# About this task:
Please reproduce the entries below exactly from the line holding "原価率は長期で見ると改善傾向" through the last line, both included, and omit any pictures.

(Records contained in a dataset)
━━━━
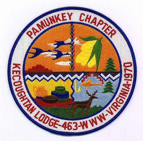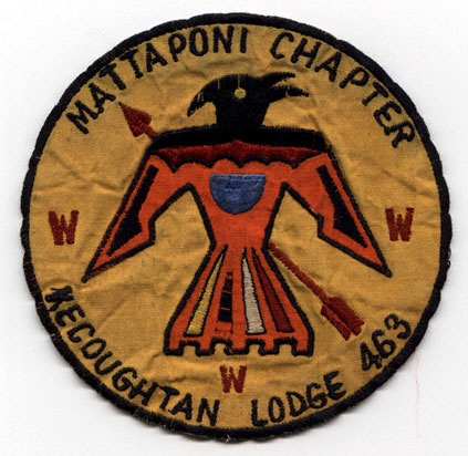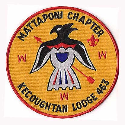 Kecoughtan Lodge's chapters (Kiskiack, Mattaponi, Pamunkey, and Piankatank) as well as the Council Camp (Chickahominy) were named for other Indian tribes which were also members of the Powhatan Confederacy and indigenous to the local region. Prior to 1973 Mattaponi Chapter (which served Northern Star District) was named Lowaneu Allanque, which translates to "Northern Star." Mattaponi Chapter which served Colonial District covered York County. Wendamen Chapter served Gloucester and Mathews counties. In April of 1988 Mattaponi Chapter was split to form a new Chapter. Mattaponi Chapter covered the City of Poquoson and York County, and the new Piankatank Chapter covered the City of Williamsburg and James City County area. In 1993 Wendamen Chapter became part of Mattaponi Chapter and the name was changed to Wicomico. |
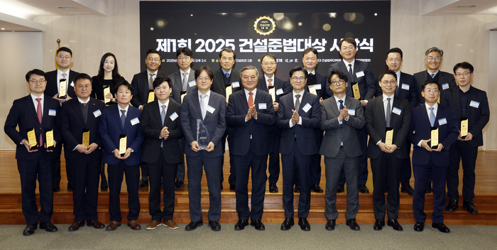 <대한경제>와 ‘1군 종합건설회사 법무직협의회(건법회)’ 주최로 18일 서울 강남구 건설회관에서 열린 ‘2025 건설준법대상’ 시상식에서 수상자들이 기념촬영을 하고 있다.
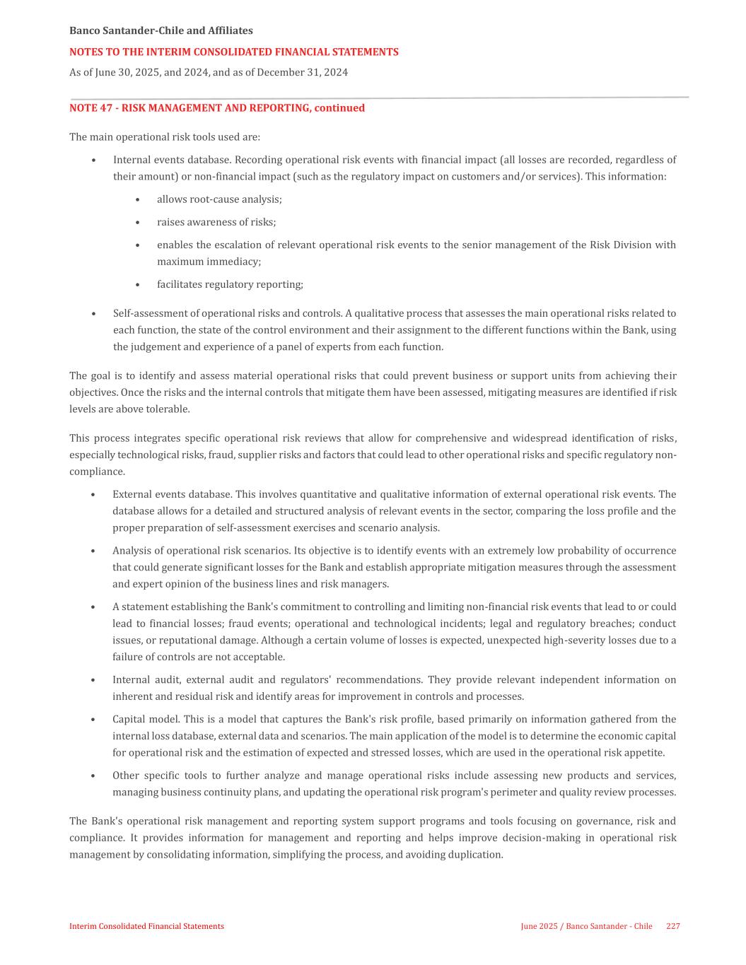 Banco Santander-Chile and Affiliates NOTES TO THE INTERIM CONSOLIDATED FINANCIAL STATEMENTS As of June 30, 2025, and 2024, and as of December 31, 2024 Interim Consolidated Financial Statements June 2025 / Banco Santander - Chile 227 NOTE 47 - RISK MANAGEMENT AND REPORTING, continued The main operational risk tools used are: Internal events database. Recording operational risk events with financial impact (all losses are recorded, regardless of their amount) or non-financial impact (such as the regulatory impact on customers and/or services). This information: allows root-cause analysis; raises awareness of risks; enables the escalation of relevant operational risk events to the senior management of the Risk Division with maximum immediacy; facilitates regulatory reporting; Self-assessment of operational risks and controls. A qualitative process that assesses the main operational risks related to each function, the state of the control environment and their assignment to the different functions within the Bank, using the judgement and experience of a panel of experts from each function. The goal is to identify and assess material operational risks that could prevent business or support units from achieving their objectives. Once the risks and the internal controls that mitigate them have been assessed, mitigating measures are identified if risk levels are above tolerable. This process integrates specific operational risk reviews that allow for comprehensive and widespread identification of risks, especially technological risks, fraud, supplier risks and factors that could lead to other operational risks and specific regulatory non- compliance. External events database. This involves quantitative and qualitative information of external operational risk events. The database allows for a detailed and structured analysis of relevant events in the sector, comparing the loss profile and the proper preparation of self-assessment exercises and scenario analysis. Analysis of operational risk scenarios. Its objective is to identify events with an extremely low probability of occurrence that could generate significant losses for the Bank and establish appropriate mitigation measures through the assessment and expert opinion of the business lines and risk managers. A statement establishing the Bank's commitment to controlling and limiting non-financial risk events that lead to or could lead to financial losses; fraud events; operational and technological incidents; legal and regulatory breaches; conduct issues, or reputational damage. Although a certain volume of losses is expected, unexpected high-severity losses due to a failure of controls are not acceptable. Internal audit, external audit and regulators' recommendations. They provide relevant independent information on inherent and residual risk and identify areas for improvement in controls and processes. Capital model. This is a model that captures the Bank's risk profile, based primarily on information gathered from the internal loss database, external data and scenarios. The main application of the model is to determine the economic capital for operational risk and the estimation of expected and stressed losses, which are used in the operational risk appetite. Other specific tools to further analyze and manage operational risks include assessing new products and services, managing business continuity plans, and updating the operational risk program's perimeter and quality review processes. The Bank's operational risk management and reporting system support programs and tools focusing on governance, risk and compliance. It provides information for management and reporting and helps improve decision-making in operational risk management by consolidating information, simplifying the process, and avoiding duplication.
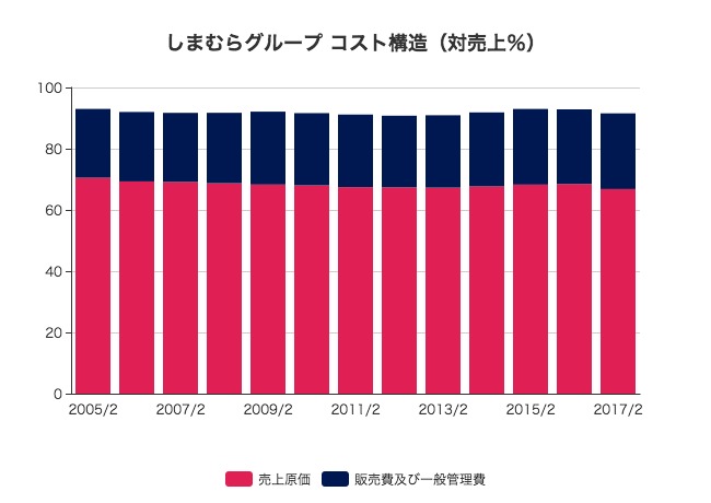 原価率は長期で見ると改善傾向にあり、2005年2月期から2017年2月期までで3.7ポイント改善しています。
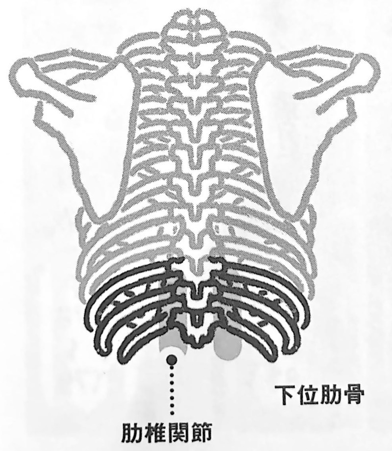 腰痛の原因になっているのが胸椎と肋骨の間にある肋椎関節(下図参照)。特に腰痛は、下側の6対の関節のセンサーが乱れやすいのでそこの動きを絆創膏で活性化します。絆創膏の貼り方
━━━━
# Solved exercise:
 原価率は長期で見ると改善傾向にあり、2005年2月期から2017年2月期までで3.7ポイント改善しています。
 腰痛の原因になっているのが胸椎と肋骨の間にある肋椎関節(下図参照)。特に腰痛は、下側の6対の関節のセンサーが乱れやすいのでそこの動きを絆創膏で活性化します。絆創膏の貼り方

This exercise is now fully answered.